Source : Livre vert des Etats géneraux de la presse écrite. Pôle 3 présidé par Bruno Patino. 08/01/2009
Nicolas Sarkozy a lancé le 2 octobre les états généraux de la presse écrite, en soulignant qu’il était prêt à revoir les aides publiques et à lutter contre les "immobilismes" pour sortir ce secteur d’une crise financière et de confiance particulièrement marquée en France. Quatre groupes de travail (Pôle I - Métiers du journalisme, Pôle II - Processus industriel, Pôle III - Presse et Internet, Pôle IV - Presse et société.) ont remis leurs propositions regroupées dans un livre vert le 8 janvier 2009 à la ministre de la culture Christine Albanel.Je m'intéresse au sujet concernant la presse et internet. Voici les propositions du pôle III:
- Réaffirmer l’intérêt général et la mission d’information
Chacun a droit à l’information quelque soit le support. La diffusion de l’information ne doit être entravée par aucune barrière technologique.

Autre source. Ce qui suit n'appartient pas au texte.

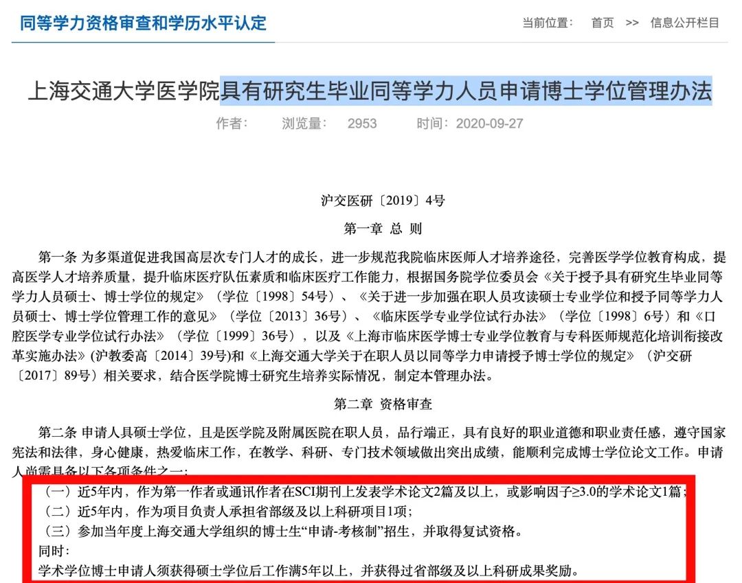2023年10月,上海交通大学医学院公布的具有研究生毕业同等学力人员申请博士学位管理规定中,对于同等学力博士资格审核第五条为:申请学术学位博士者须获得硕士学位后工作满5年以上,并获得过省部级及以上科研成果奖励。

Il faut garantir le pluralisme en obligeant, de façon légale, les opérateurs de réseau, les fournisseurs d’accès et les moteurs de recherche à être neutres en interdisant toute discrimination en fonction de l’origine et de la nature des contenus provenant des éditeurs de presse en ligne transportés.
Il faut permettre l’accès et l’utilisation des données de l’administration et des pouvoirs publics.
- Reconnaître le statut d’éditeur de Presse en ligne… et le responsabiliser.
Le droit de la presse ne s’applique pas à l’univers numérique. Les textes n’envisagent pas l’éditeur de presse en ligne en tant que tel. Il faut donc reconnaître un statut d’éditeur de presse en ligne qui n’exclue aucune des formes numériques ni aucun des supports utilisés, y compris la téléphonie mobile. Ce statut devra reposer sur l’exercice d’une mission d’information à titre professionnel à l’égard du public, la production et la mise à disposition du public de contenu original, composé d’informations ayant fait l’objet d’un traitement journalistique et présentant un lien avec l’actualité, sans constituer, en lui-même, un outil de promotion ou un accessoire d’une activité industrielle ou commerciale. Enfin, le troisième critère est un emploi régulier de journalistes professionnels dans l’activité des entreprises concernées, dans le cadre des règles sociales et déontologiques de la profession.
Le pôle propose de reconnaître que le statut d’éditeur de presse en ligne emporte l’acceptation pleine et entière, par les éditeurs de presse en ligne, des responsabilités propres au statut d’éditeur de contenu en tenant compte toutefois, des réalités technologiques de l’univers numérique, notamment des contenus générés par les utilisateurs (user generated contents). Il faut en effet tenir compte de la multiplicité des types de contributeurs et des provenances des contenus. Le régime de responsabilité favorisera donc de nouvelles formes de communication et d’information (participation, interaction, échanges autour de contenus d’information).
- Favoriser l’innovation
Il faut réajuster les aides de l’Etat à la presse pour mieux appréhender le défi numérique et développer ainsi les services en ligne. Les fonds de modernisation de la presse devront être augmentés dans la transparence et l’efficacité. Il faut mettre en place un dispositif fiscal pour favoriser l’innovation des éditeurs de presse et favoriser l’investissement des particuliers dans les éditeurs de presse en ligne grâce à des mesures fiscales, des systèmes de dons et de mécénat et des aides en contrepartie de missions de service public. (fonds d’archives numérisées)
- Favoriser l’émergence de différents modèles d’affaires
En évitant la constitution de positions dominantes sur le marché publicitaire.
En mettant fin à un système inégalitaire de taxation entre les univers « physique » et « numérique ».
En augmentant les budgets publicitaires de l’Etat conscrés aux éditeurs de presse en ligne.
Accélérer la mise en place de distribution digitale des contenus (ebook et kiosque digital) pour s’affranchir des contraintes de la distribution physique.
- Développer une politique de formation pour l’ensemble des acteurs de la presse en ligne.
- Promouvoir une gouvernance exemplaire du secteur en favorisant des négociations de branche.
- Créer un laboratoire des nouveaux médias pour suivre, comprendre, analyser leur évolution .
Le livre vert ouvre donc des perspectives aux entreprises françaises du secteur pour réformer et construire l’avenir en développant la presse en ligne sans sacrifier l’imprimé.